In this work, Umadevi et al. (2018) have made an effort to develop a stock exchange forecasting system that takes into account various equity-specific factors. The equity ratings were obtained, and then the analysis was performed. Throughout this study, the equity ratings are shown using a variety of graphs, and the time series model ARIMA (autoregressive moving average) is used to forecast the scores. The findings demonstrate that the time series model successfully predicted market ratings with a significant degree of accuracy. To determine how each element related to market performance, separate studies of each factor were conducted. Additionally, the findings suggest that machine learning techniques might be used to forecast market behavior.

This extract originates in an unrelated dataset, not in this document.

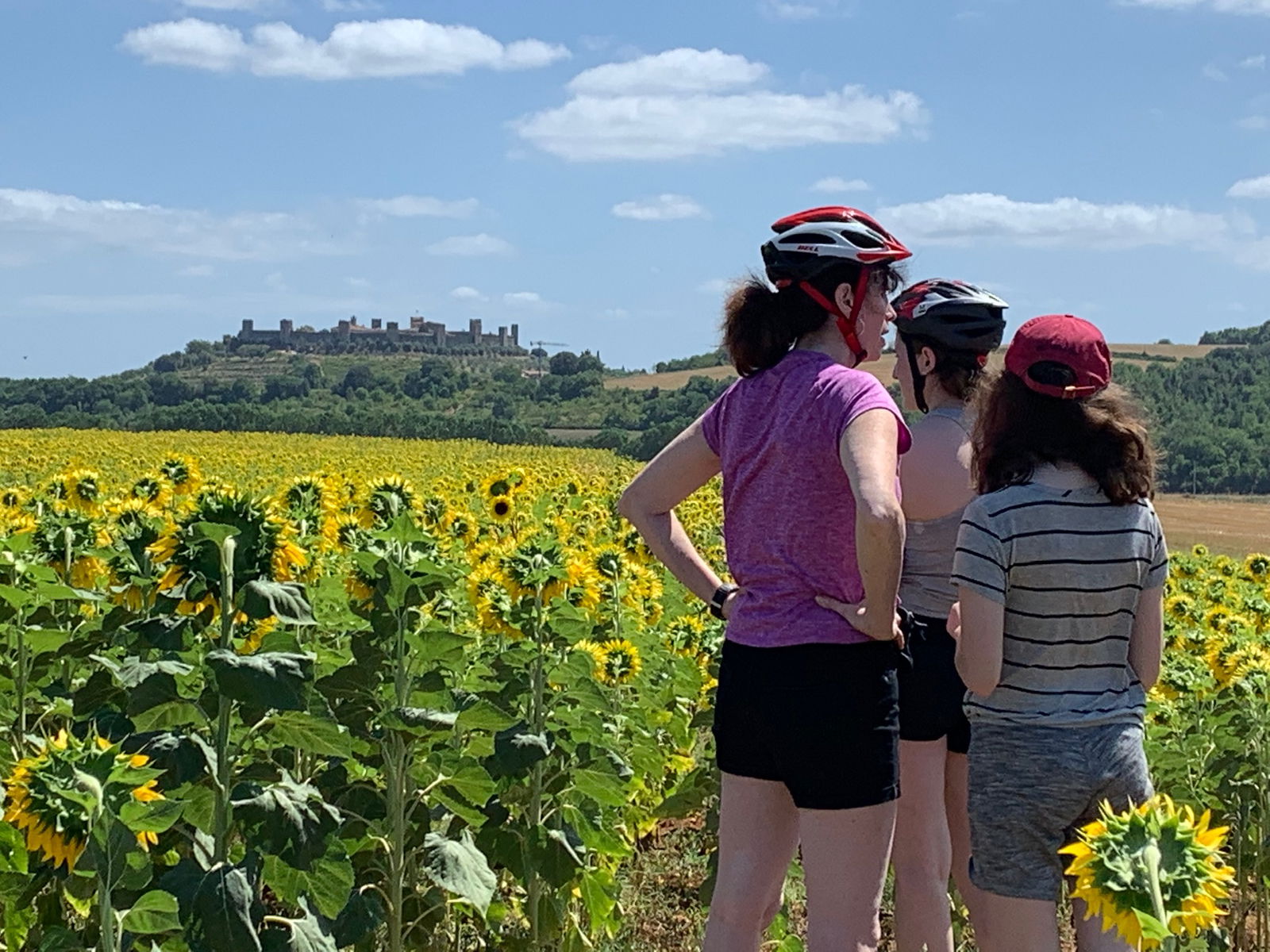 Abbiamo pedalato facendoci strada lungo i sentieri proprio come facevano gli antichi pellegrini durante il loro cammino sulla via Francigena. In certi casi, Piero si trasformava in un vigile che dirigeva il traffico, in modo da farci attraversare in modo sicuro qualsiasi luogo; spostandoci lungo le tradizionali "strade sterrate" e, attraversando una collina coperta di oliveti, abbiamo raggiunto Monteriggioni, dove abbiamo avuto l'opportunità di esplorare il centro di questo caratteristico borgo, alcuni con un gelato in mano.

Three fuzzy logic controllers are utilized in the algorithm by Lauguico et al. (2019) designed to implement a certain trading strategy. Trigger functions such as candlestick characteristics and Bollinger Bands (BB) were used to assess the effectiveness of the purchase, hold, and sell signals. A specific stock organization provided information on equity markets. The opening and closing prices utilized to help compute the BB are included in these figures. The raw and generated values are the crisp input parameters of the fuzzy inference system (FIS). The classifiers were classified into very low, low, high, and very high levels based on the entered default parameters used by traders. Fuzzy logic was utilized to create association rules that would offer signals indicating the effectiveness of an execution recommendation.

Even though there is a variety of data structures that can assist in identifying the proper clusters from a fuzzy model’s divine of reasoning, de Carvalho Tavares, Ferreira & Mendes (2022) proposed a unique fuzzy model based on a red-black tree (RBT) data structure in order to enhance the prospects of achieving improved projections. The RBT data structure, supports more balance, enabling more certainty. The suggested model performs superior predicting when compared to well-known fuzzy models in the literature.

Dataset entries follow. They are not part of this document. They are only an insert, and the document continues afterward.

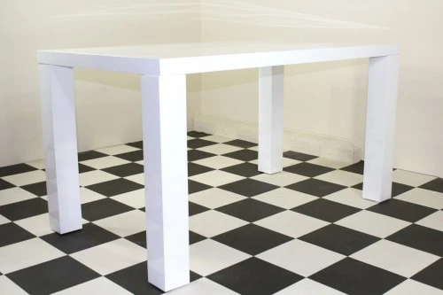 The sheraton rectangular diner table has a high gloss top and chunky high gloss legs.
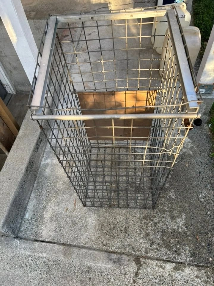 This is a classic and reliable metal pet cage, with a trap and rolling wooden door.
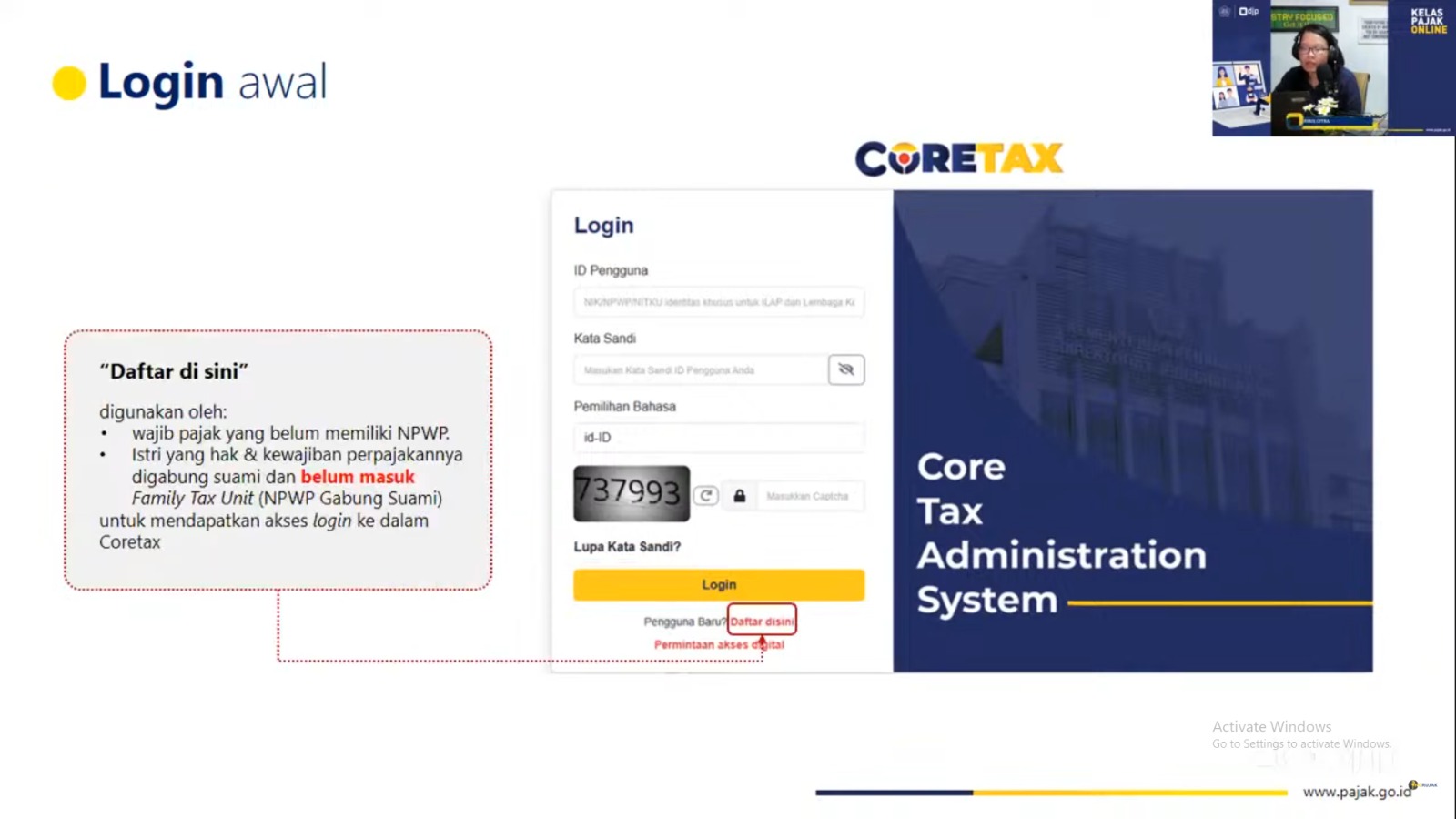 Riris menambahkan untuk memastikan bahwa akun layanan perpajakan saat ini di DJP Online sudah aktif dan data-data yang terdapat di dalamnya sudah lengkap, update, dan valid agar peserta dapat masuk ke dalam aplikasi Coretax.

In this study, Wang et al. (2022a) forecast the stock market index using Transformer, the most recent deep learning framework. The transformer was created to address the issue of natural language processing and is now used for time series forecasting. The transformer can more accurately represent the fundamental principles governing stock market movements because of its encoder-decoder design and multi-head attention mechanism. They perform a variety of side studies on the world’s leading equities, including the CSI 300, S&P 500, Hang Seng, and Nikkei 225 Index. Each of the research demonstrates that transformer outclasses other traditional strategies and can deliver financial support to investors. The studies on different methods of stock market forecasting are summarized in Table 4.

Table 4:
Stock market prediction using other techniques.
Authors Scope Input features Feature extraction Prediction algorithm
Wang et al. (2022b) SSE Price data Normalization LSTM/3D-CNN/GC-CNN & AD-GAT
Oyewola et al. (2021) NGX Price data Technical indicators AA/LR/SVM/FFN/RNN/SDE & GBM
Zhao & Wang (2015) SSE Price data Tick-by-tick data Outlier mining algorithm/Cluster algorithm
Vlasenko et al. (2018) Global Price data NA MIMO neuro-fuzzy model with multidimensional Gaussian functions
Jindal et al. (2021) NSE/NYSE/MOEX Price data Scaling raw data DT/RF & SVR
Umadevi et al. (2018) NYSE Stock score NA ARIMA
de Carvalho Tavares, Ferreira & Mendes (2022) B3/NYSE Price data Scaling raw data Hybrid fuzzy time series model with red–black tree data structure
Wang et al. (2022a) SSE/NYSE/HKEX/TSE Price data Normalization RNN/CNN/LSTM/Transformer
Sharma & Juneja (2017) NSE/BSE Technical indicators Exponential smoothing LS-RF
DOI: 10.7717/peerj-cs.1700/table-4

Sharma & Juneja (2017) focus on making future stock market index value predictions using past data. The exploratory appraisal is based on 10-year historical data for two Indian equity markets, the CNX Nifty and the S&P BSE Sensex. Predictions are given for days 1 through 10, 15, 30, and 40 in the future. This study indicates utilizing LSboost to integrate the estimations and predictions from the ensemble of trees in a random forest. The suggested model’s prediction performance is contrasted with that of the well-known support vector regression. Each of the prediction models uses a different set of technical indicators as inputs.

Challenges and discussion

Analysis and forecasting of the financial markets remain an intriguing and complex topic. Data is increasingly accessible, but it is becoming more challenging to gather and interpret in order to gain relevant insights and determine how it influences the investors in making their financial decisions wisely (Ozbayoglu, Gudelek & Sezer, 2020). It is challenging to extract characteristics from financial information as it is essential to address the many components used to generate forecasts. Financial datasets are frequently erratic and the data’s quality has a big impact on performing analysis and predictions.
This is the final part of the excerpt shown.